## EXTRACTED ENTRIES
***

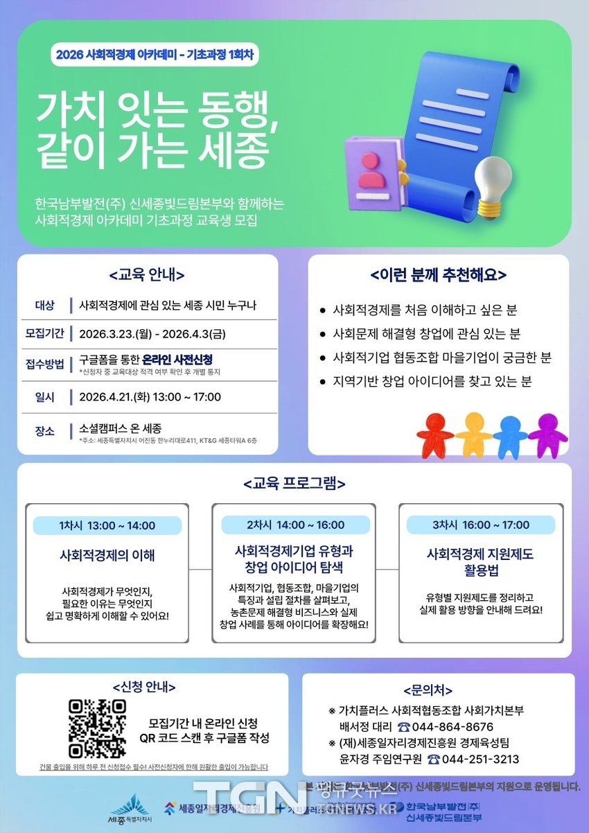 세종일자리경제진흥원(원장 이홍준)이 한국남부발전㈜ 신세종빛드림본부와 협력해 지역 내 사회적경제 인재를 발굴하고 창업을 지원하기 위한 ‘2026 사회적경제 아카데미’를 운영한다.
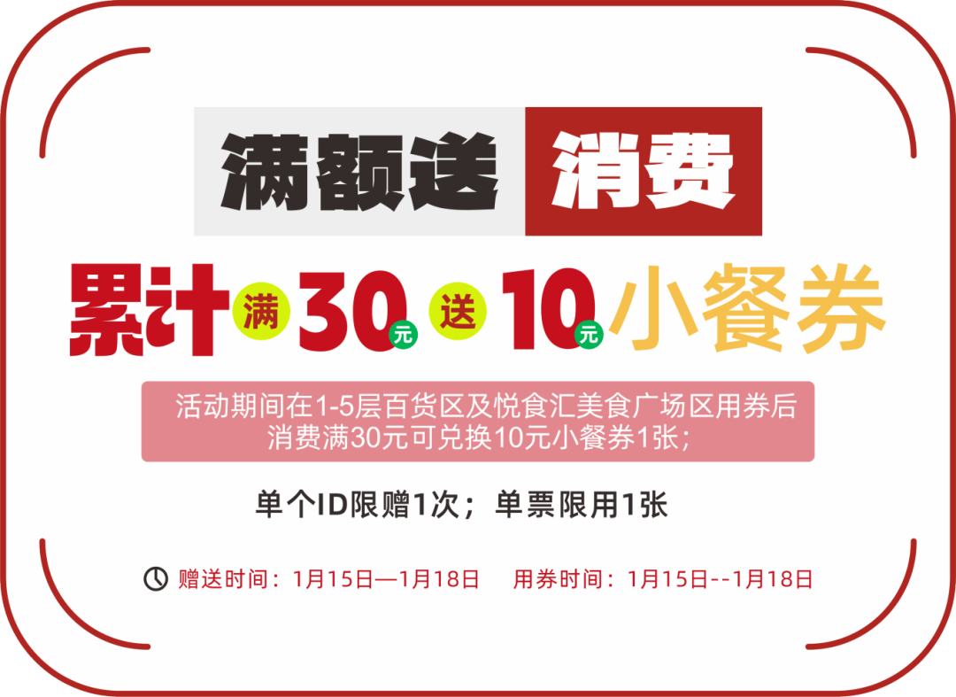 1月15日-1月18日,在五堰商场1-5层百货区及悦食汇美食广场区,用券后消费满30元,还可额外兑换一张10元悦食券,越吃越优惠!
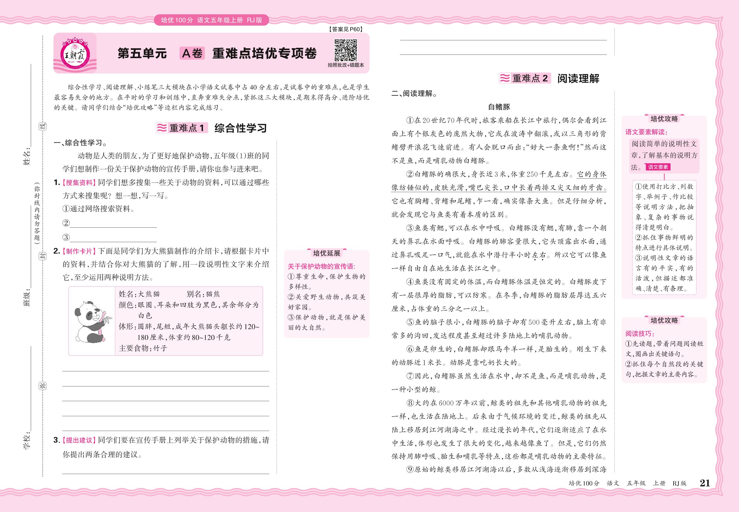 2024秋上册五年级语文人教版 第五单元A卷 重难点培优专项卷
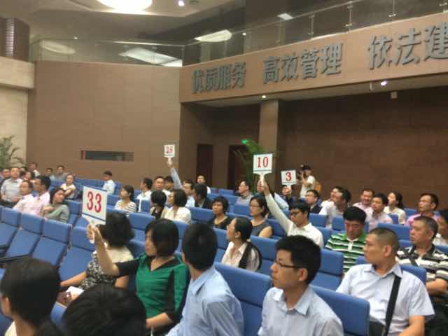 | 到15點(diǎn)50分左右,競爭開始白熱化。此前僅1次應(yīng)價(jià)的28號(hào),開始口頭報(bào)價(jià),直接將價(jià)格從33億元2千萬,推至34億元。主持人說,歡迎大家口頭報(bào)價(jià)。 |
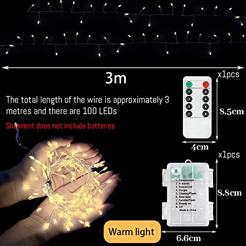 Hillylolly Lucine Led a Batteria, Stringa Luci Led Batteria con Telecomando, 3M 100LED Filo Luci Decorative, Ghirlanda Luminosa Led, Catene Luminose, Lucine Led Decorative (Bianco Caldo)
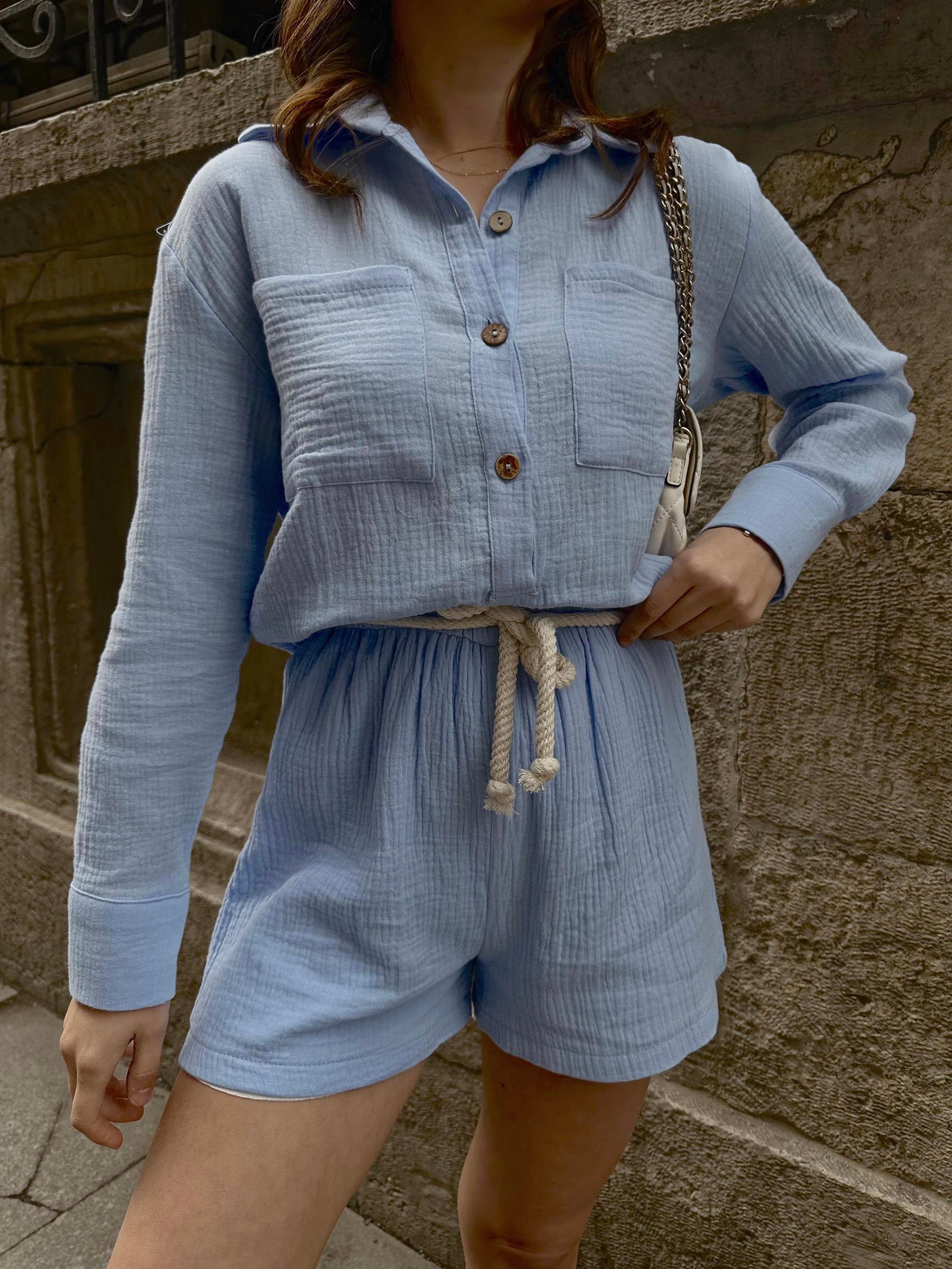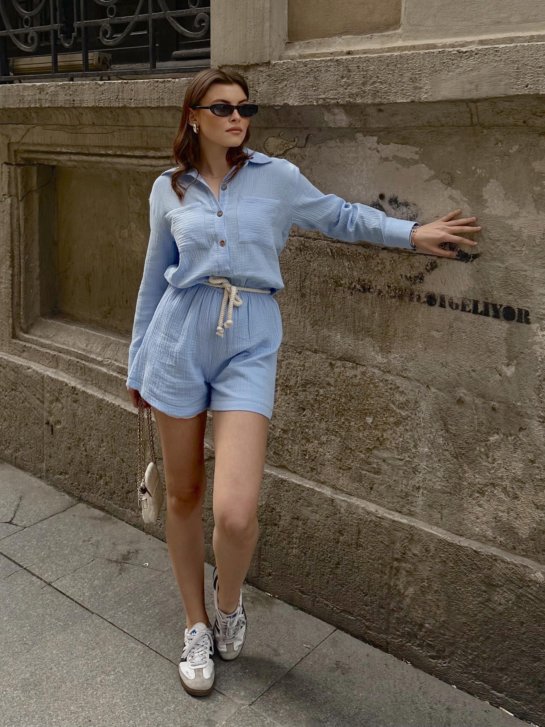 Bebe Mavisi Müslin Gömlek Takım ürünü, zarif tasarımı ve üstün kalitesiyle dikkat çeker. Günlük ve özel gün kombinlerinizde rahatlıkla tercih edebilirsiniz.

***

Pictures should not appear in the copy. Write out exactly the lines above from the first one through the line that contains "2024秋上册五年级语文人教版 第五单元A卷 重难点培优专项卷".

 세종일자리경제진흥원(원장 이홍준)이 한국남부발전㈜ 신세종빛드림본부와 협력해 지역 내 사회적경제 인재를 발굴하고 창업을 지원하기 위한 ‘2026 사회적경제 아카데미’를 운영한다.
 1月15日-1月18日,在五堰商场1-5层百货区及悦食汇美食广场区,用券后消费满30元,还可额外兑换一张10元悦食券,越吃越优惠!
 2024秋上册五年级语文人教版 第五单元A卷 重难点培优专项卷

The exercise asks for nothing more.